Es kann sich natürlich auch um jedes andere Bauteil 16 handeln,
besonders bevorzugt bezieht sich die Erfindung allerdings auf im Kraftfahrzeugbau
einsetzbare Bauteile 16 wie beispielsweise die dargestellte
Kraftfahrzeugkarosserie 17. Dabei wird das Bauteil 16 mit
wenigstens einer mittels UV-Licht aushärtbaren Beschichtungslage versehen.
Die Belichtungskammer 14 hat im vorliegenden Ausführungsbeispiel
einen im Wesentlichen ellipsoiden Innenraum 16, theoretisch
kann dieser allerdings auch kugelförmig ausgebildet sein.

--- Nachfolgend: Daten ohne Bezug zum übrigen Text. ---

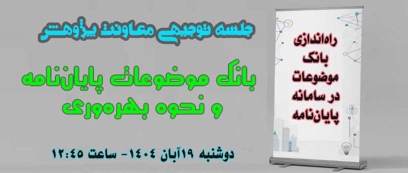 بهمنظور "تبیین قوانین و نحوه انتخاب موضوع از بانک موضوعات سامانه پایاننامه"، سومین جلسه توجیهی معاونت پژوهش مرکز آموزشهای غیرحضوری، بهصورت برخط (آنلاین) در روز دوشنبه 19 آبانماه 1404 از ساعت 12:45 تا 14:00 با درنظرگرفتن زمان جهت پاسخگویی به سؤالات طلاب گرامی برگزار خواهد شد.

Innerhalb des ellipsoiden Innenraums 18 wird die Kraftfahrzeugkarosserie 17 mit
UV-Licht beaufschlagt. Es wird wenigstens eine Beschichtungslage
in dem Beschichtungsraum 12, in welchem sich auch die Belichtungskammer 14 befindet,
auf die Kraftfahrzeugkarosserie 17 aufgebracht. Hierdurch
sind Aufbringen der Lackschicht und anschließende UV-Aushärtung
räumlich miteinander integriert. In der in 1 dargestellten
Ausführungsform wird die Beschichtungslage sogar in der
Belichtungskammer 14 auf die Kraftfahrzeugkarosserie 17 aufgebracht.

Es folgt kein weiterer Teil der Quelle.